### EXERCISE BRIEF
Copy out exactly the stretch below, from the line with "宿泊部 チームリーダー 新垣大河さん" through the line with "查了相关知识,发现健民牌便通", both included; the pictures stay out.

### TASK MATERIAL
-------
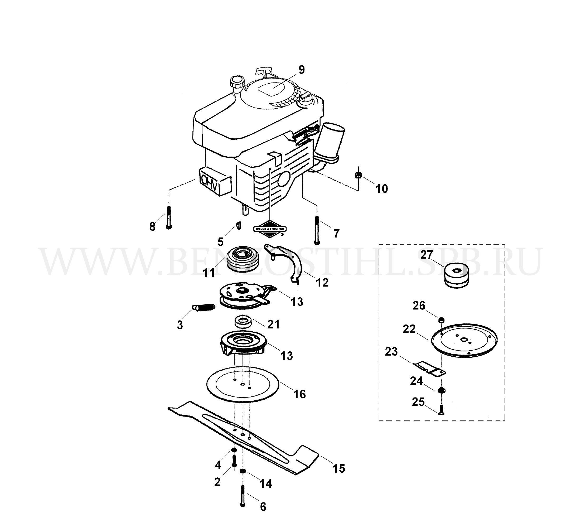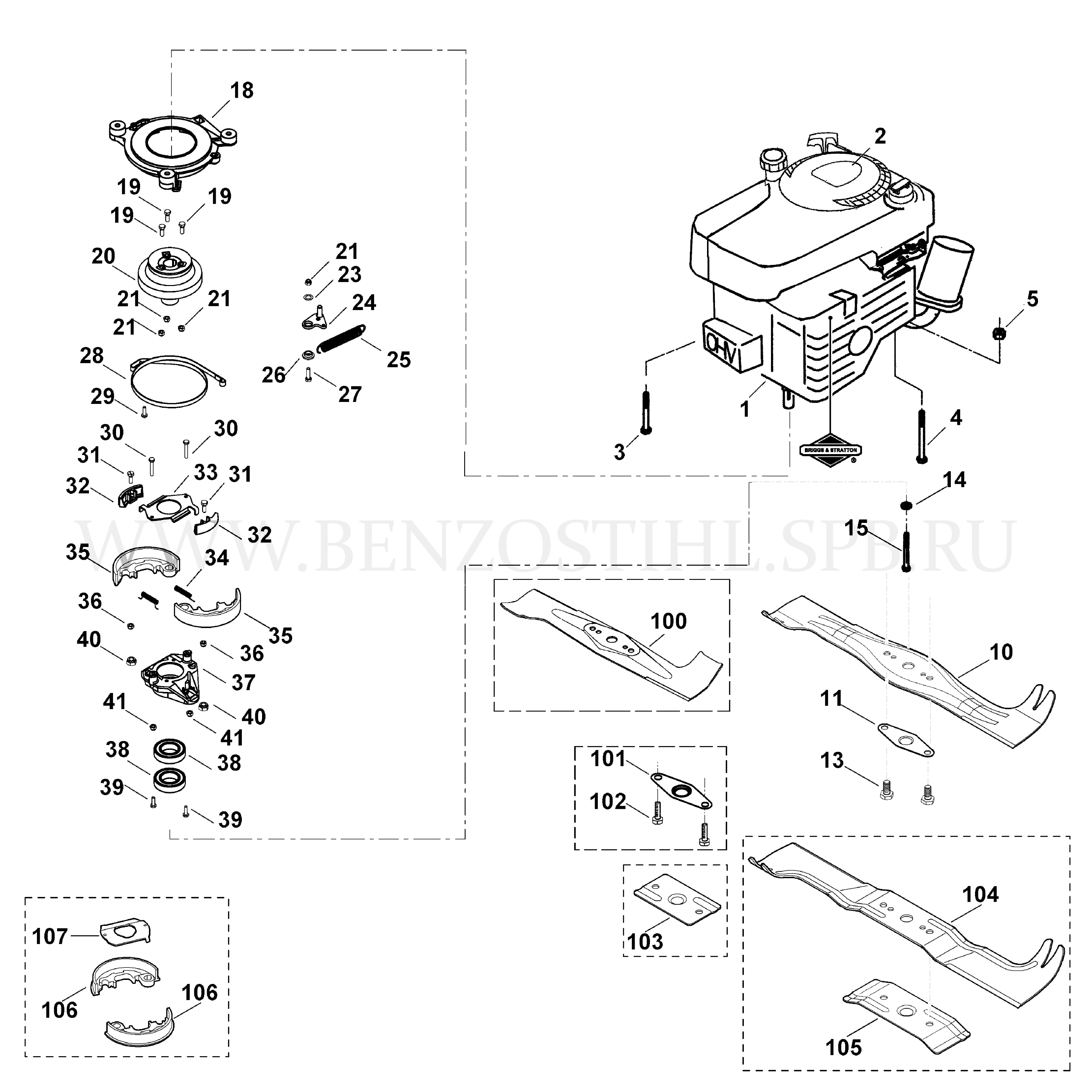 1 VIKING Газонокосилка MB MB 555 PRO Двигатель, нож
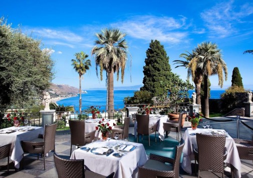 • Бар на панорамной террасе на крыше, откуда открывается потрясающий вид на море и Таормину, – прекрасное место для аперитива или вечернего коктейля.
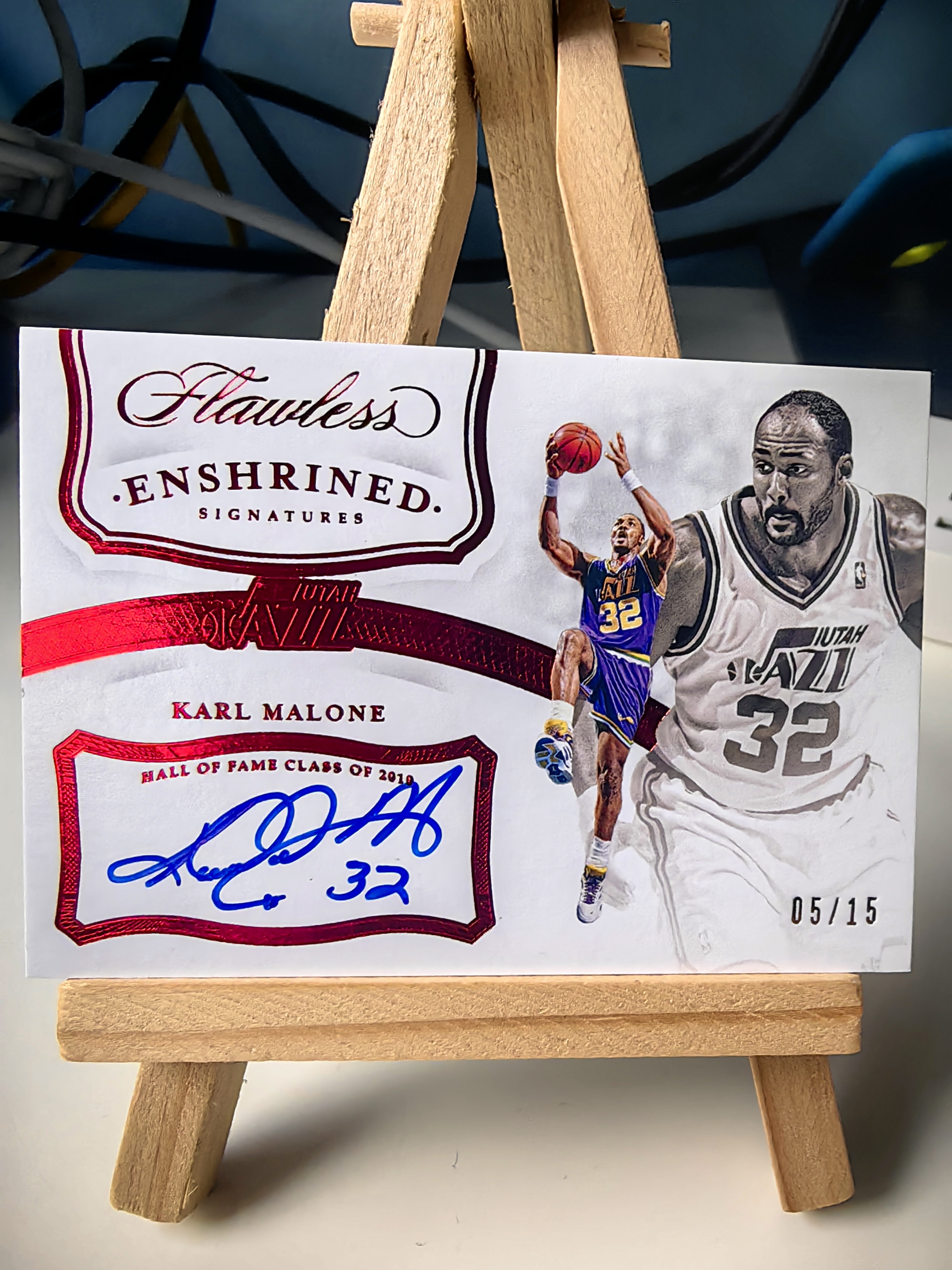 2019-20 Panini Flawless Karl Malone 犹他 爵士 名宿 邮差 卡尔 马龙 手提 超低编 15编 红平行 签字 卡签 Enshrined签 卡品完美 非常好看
-------
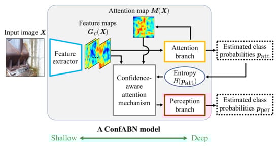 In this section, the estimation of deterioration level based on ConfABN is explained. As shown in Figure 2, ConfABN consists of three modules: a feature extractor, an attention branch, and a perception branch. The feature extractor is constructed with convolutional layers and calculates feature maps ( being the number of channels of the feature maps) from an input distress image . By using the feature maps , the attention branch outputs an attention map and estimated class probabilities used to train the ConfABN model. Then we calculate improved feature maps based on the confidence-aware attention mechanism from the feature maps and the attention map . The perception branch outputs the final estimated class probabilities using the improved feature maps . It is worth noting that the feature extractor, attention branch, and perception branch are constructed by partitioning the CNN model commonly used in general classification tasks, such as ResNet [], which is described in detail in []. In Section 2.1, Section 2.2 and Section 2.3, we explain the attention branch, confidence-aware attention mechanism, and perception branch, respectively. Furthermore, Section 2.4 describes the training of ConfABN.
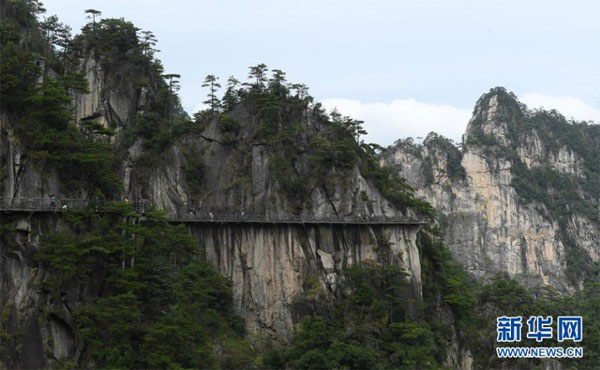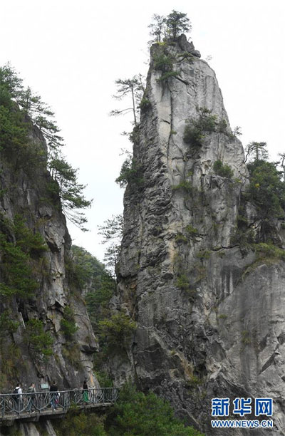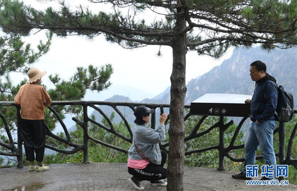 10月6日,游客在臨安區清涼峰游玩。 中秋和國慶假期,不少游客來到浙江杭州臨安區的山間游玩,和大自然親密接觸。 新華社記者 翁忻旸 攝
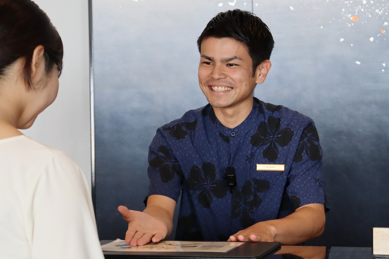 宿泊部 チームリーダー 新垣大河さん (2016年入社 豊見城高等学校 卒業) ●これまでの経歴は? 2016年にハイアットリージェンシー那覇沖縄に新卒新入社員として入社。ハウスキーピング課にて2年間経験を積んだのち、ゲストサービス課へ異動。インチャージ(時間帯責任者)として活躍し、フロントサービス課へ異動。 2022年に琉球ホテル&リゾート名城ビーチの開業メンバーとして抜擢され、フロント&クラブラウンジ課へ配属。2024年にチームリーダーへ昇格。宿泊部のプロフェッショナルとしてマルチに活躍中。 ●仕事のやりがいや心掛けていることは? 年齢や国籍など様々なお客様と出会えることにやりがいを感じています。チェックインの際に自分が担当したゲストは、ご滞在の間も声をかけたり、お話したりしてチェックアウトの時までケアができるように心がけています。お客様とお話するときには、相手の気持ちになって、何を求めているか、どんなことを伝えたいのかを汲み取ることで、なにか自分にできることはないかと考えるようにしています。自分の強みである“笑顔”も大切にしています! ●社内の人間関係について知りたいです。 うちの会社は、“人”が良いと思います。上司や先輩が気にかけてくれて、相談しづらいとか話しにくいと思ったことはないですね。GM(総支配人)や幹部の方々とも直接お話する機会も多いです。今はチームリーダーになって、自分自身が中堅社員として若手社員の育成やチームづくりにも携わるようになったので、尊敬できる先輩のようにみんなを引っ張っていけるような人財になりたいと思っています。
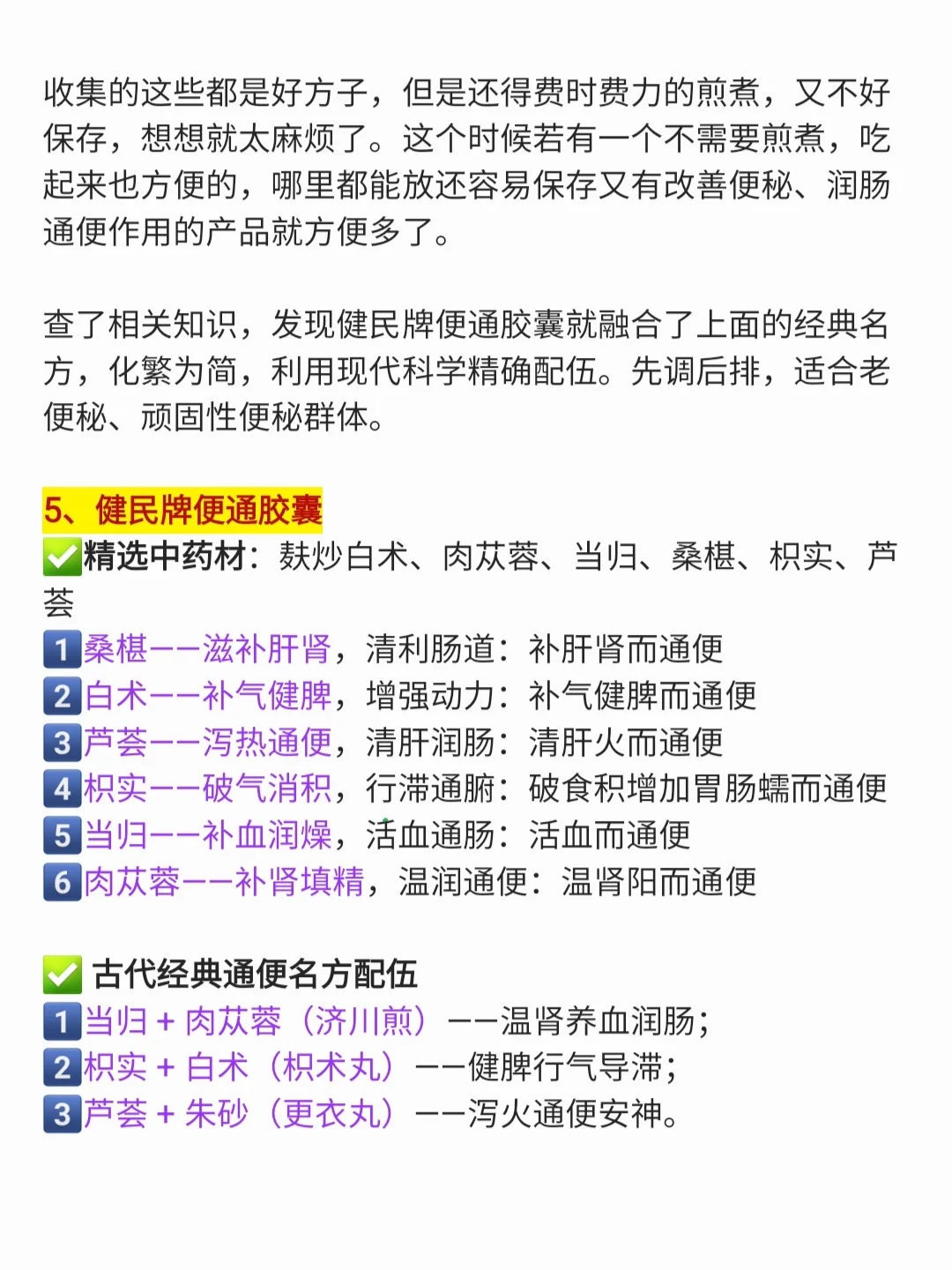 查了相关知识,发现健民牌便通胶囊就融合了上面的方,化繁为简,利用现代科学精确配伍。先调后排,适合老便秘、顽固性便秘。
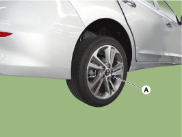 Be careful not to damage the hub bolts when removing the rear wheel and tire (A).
-------
### ANSWER BELOW
 宿泊部 チームリーダー 新垣大河さん (2016年入社 豊見城高等学校 卒業) ●これまでの経歴は? 2016年にハイアットリージェンシー那覇沖縄に新卒新入社員として入社。ハウスキーピング課にて2年間経験を積んだのち、ゲストサービス課へ異動。インチャージ(時間帯責任者)として活躍し、フロントサービス課へ異動。 2022年に琉球ホテル&リゾート名城ビーチの開業メンバーとして抜擢され、フロント&クラブラウンジ課へ配属。2024年にチームリーダーへ昇格。宿泊部のプロフェッショナルとしてマルチに活躍中。 ●仕事のやりがいや心掛けていることは? 年齢や国籍など様々なお客様と出会えることにやりがいを感じています。チェックインの際に自分が担当したゲストは、ご滞在の間も声をかけたり、お話したりしてチェックアウトの時までケアができるように心がけています。お客様とお話するときには、相手の気持ちになって、何を求めているか、どんなことを伝えたいのかを汲み取ることで、なにか自分にできることはないかと考えるようにしています。自分の強みである“笑顔”も大切にしています! ●社内の人間関係について知りたいです。 うちの会社は、“人”が良いと思います。上司や先輩が気にかけてくれて、相談しづらいとか話しにくいと思ったことはないですね。GM(総支配人)や幹部の方々とも直接お話する機会も多いです。今はチームリーダーになって、自分自身が中堅社員として若手社員の育成やチームづくりにも携わるようになったので、尊敬できる先輩のようにみんなを引っ張っていけるような人財になりたいと思っています。
 查了相关知识,发现健民牌便通胶囊就融合了上面的方,化繁为简,利用现代科学精确配伍。先调后排,适合老便秘、顽固性便秘。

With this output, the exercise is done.